Tenet: If you are going to run a test more than once, it should be automated.

Wednesday, August 2nd, 2006

This post is the second in a seven part series covering my seven tenets of software testing.

Original post (31 Jan 2005)

Automation explained
Test automation means different things to different people in different contexts. When I talk about automated testing I am referring to; A method of executing a test without human intervention, that would otherwise require it. In practical terms that may mean a nUnit test, a GUI test using a commercial testing tool, or a test written using an application’s internal scripting language. The technology is not the key concern, the fact that the test can be run 100% without any human involvement is the key.

Why automate?
The primary reason to automate tests is time. As a tester, you always need more time.

Automation can provide immense reductions in the amount of time required to execute tests. My first introduction to automated testing, in 1997, managed to condense 5 days of manual testing effort into 1 hour of automated execution for a 97.5% reduction in execution time.

Think about that for a moment, by automating our tests, we have achieved the equivalent of adding 40 additional testers to the team, for a fraction of the price. In addition I had taken the drudgery from my teams work day, increasing morale. More importantly, it lets your testers perform more ad-hoc testing which is much more effective than performing the same manual test over and over again.

So that’s it then, should we just retrench all our testers, and use automation instead? Well, no.

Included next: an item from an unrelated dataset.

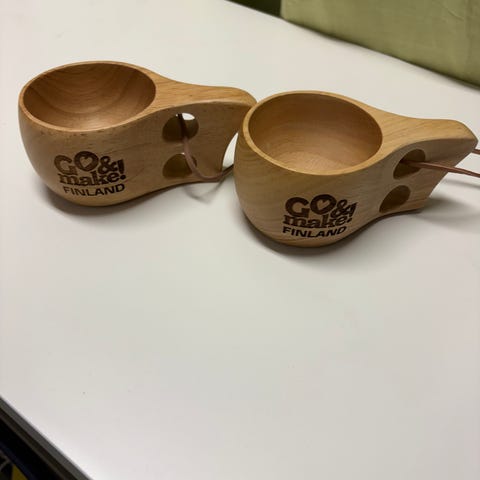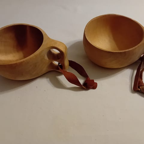 Puinen kuksa juomakuppi vaaleasta puusta. Kuppi on yhdestä puukappaleesta veistetty ja siinä on pyöreä, syvä kuppiosa. Kahvassa on nahkanyöri ripustamista tai kiinnittämistä varten. Sopii esimerkiksi juomakupiksi retkille, vaelluksille tai mökille.

Despite a recent example where Microsoft retrenched 62 Longhorn testers, citing automation as the cause. Test automaton is generally used to help increase the amount of test coverage that can be achieved with a given schedule and resources, not reduce testing head-count.

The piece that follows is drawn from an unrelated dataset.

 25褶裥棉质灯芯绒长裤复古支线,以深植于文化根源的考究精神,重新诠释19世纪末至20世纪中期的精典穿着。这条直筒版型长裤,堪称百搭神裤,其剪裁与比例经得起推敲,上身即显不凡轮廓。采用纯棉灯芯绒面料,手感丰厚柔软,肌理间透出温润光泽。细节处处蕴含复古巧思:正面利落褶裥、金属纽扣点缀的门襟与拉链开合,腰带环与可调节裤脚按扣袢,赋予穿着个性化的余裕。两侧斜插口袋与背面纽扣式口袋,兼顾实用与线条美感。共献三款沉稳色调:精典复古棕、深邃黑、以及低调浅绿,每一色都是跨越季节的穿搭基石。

When implemented correctly, with enough hardware, automating your tests allows you to execute all your tests, at least once a day, every day. When combined with a daily build, you have one (if not the), most powerful testing tool on the planet.

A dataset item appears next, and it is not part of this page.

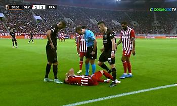 Οι Πειραιώτες έχουν δικαιολογημένα παράπονα από την απόφαση του Κουλμπάκοφ να μην αποβάλει τον παίκτη της γερμανικής ομάδας στο 30', με τον Μαροκινό σε διεκδίκησή του με τον Ρέαμπτσιουκ να τσακίζει τον αστράγαλο του Μολδαβού μπακ!

Build Verification or smoke testing
Every night after a successful compile, the daily build should automatically be packaged and deployed into a test environment, and smoke tested with an automated build verification test (BVT). The term “smoke” test is derived from the idea of quickly plugging in some electronics to test them, checking that no smoke comes out. While ideally you would run all your tests, typically the smoke test is a carefully selected subset of your full automated tests that can be run in about 10-20 minutes or so.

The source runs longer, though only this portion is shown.